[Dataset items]

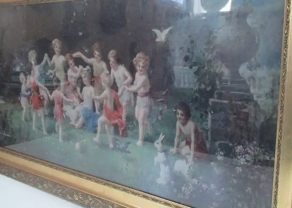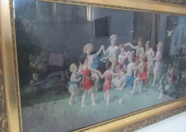 Jugendstil-Rahmen aus goldfarbenen Metall. Druck und Rahmen im guten altersbedingten Zustand. Masse 135x68 cm.
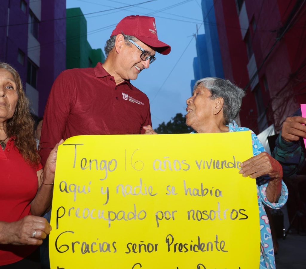 Durante el evento, vecinas y vecinos compartieron su alegría a través de carteles al ver transformados sus hogares después de años sin mantenimiento, resaltando que ahora cuentan con un entorno más agradable, limpio y seguro para sus familias.
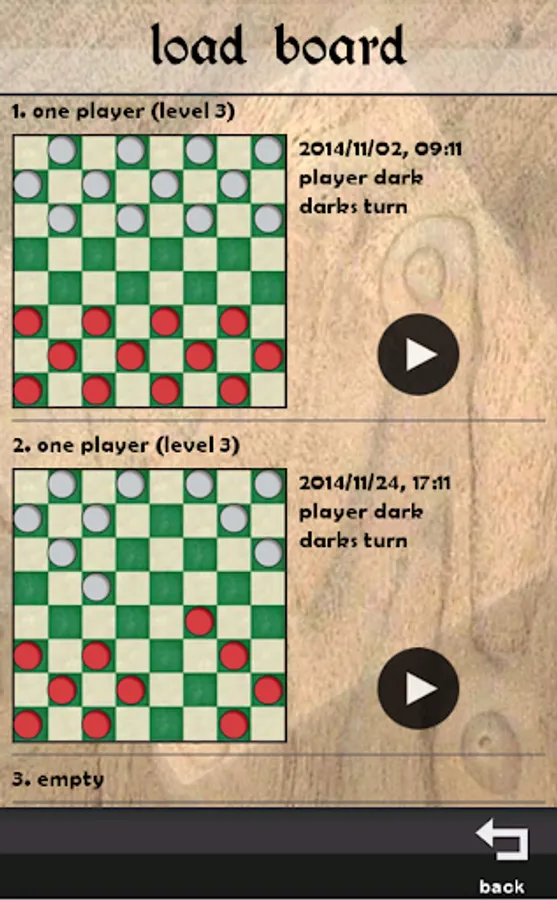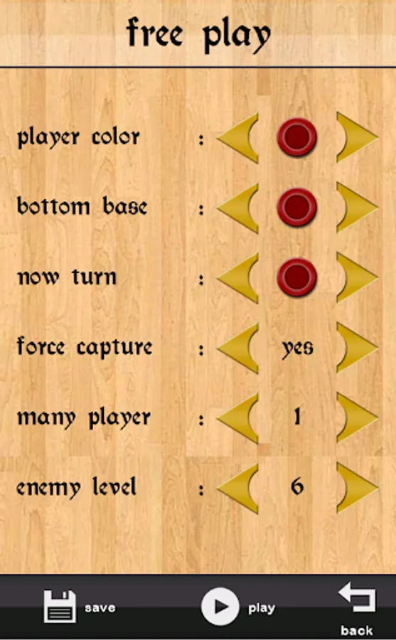 The game is divided into three groups: One Player, Two Player, and Online Play. One Player is a game against the artificial intelligence that consists of 6 levels of difficulty. Ranging from beginner level to advanced level. Two Player is a game between two adjacent players.
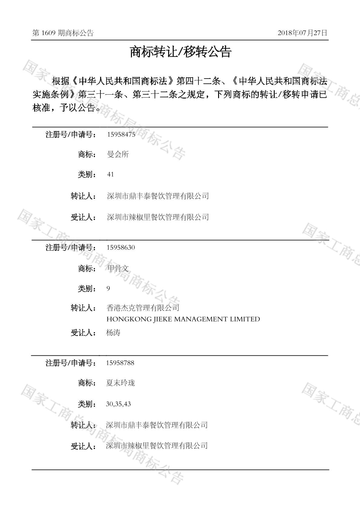 2018-02-07 商标转让 | 申请收文
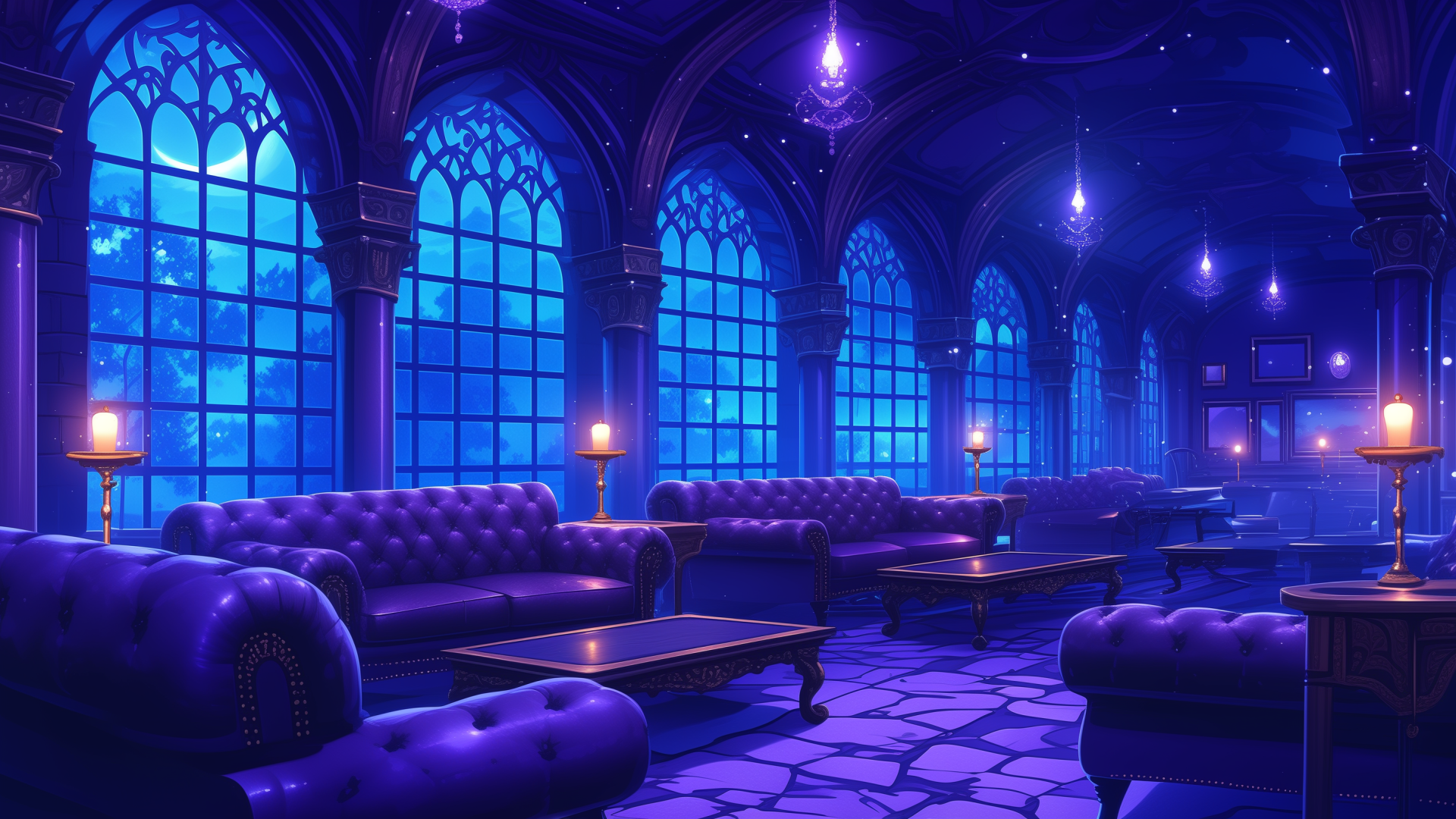 星空と幻想的な建築が映える、荘厳なゴシックスタイルのラウンジ。紫のソファが配置され、深い夜の空気が感じられます。 静けさと高貴さが調和した空間で、物語の緊張感を高める演出が可能です。 推理や陰謀を含むTRPGセッションに適した、フリーの背景画像です。
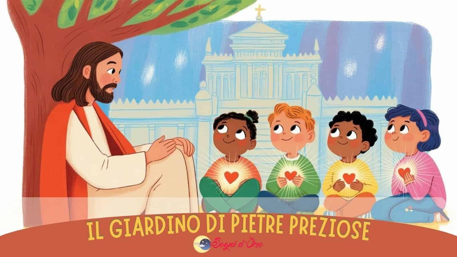 Un giorno, un uomo saggio di nome Gesù si sedette sotto un grande albero e molti bambini gli si radunarono intorno. Indicando il giardino splendente, disse: “Vedete tutte queste pietre preziose? Verrà un giorno in cui non ne resterà una sull’altra”.
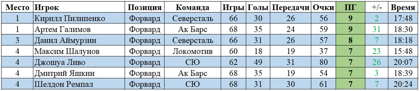 По победным шайбам лучшими стали Кирилл Пилипенко («Северсталь») и Артем Галимов («Ак Барс»), которые забросили по 9 победных голов. Форвард «Северстали» Данил Аймурзин забросил 8 голов, которые принесли победу команде.

What you are asked to do:
For this exercise, copy each line of the data above exactly, from the first through the line containing "2018-02-07 商标转让 | 申请收文", and drop the pictures.

Task output:
 Jugendstil-Rahmen aus goldfarbenen Metall. Druck und Rahmen im guten altersbedingten Zustand. Masse 135x68 cm.
 Durante el evento, vecinas y vecinos compartieron su alegría a través de carteles al ver transformados sus hogares después de años sin mantenimiento, resaltando que ahora cuentan con un entorno más agradable, limpio y seguro para sus familias.
 The game is divided into three groups: One Player, Two Player, and Online Play. One Player is a game against the artificial intelligence that consists of 6 levels of difficulty. Ranging from beginner level to advanced level. Two Player is a game between two adjacent players.
 2018-02-07 商标转让 | 申请收文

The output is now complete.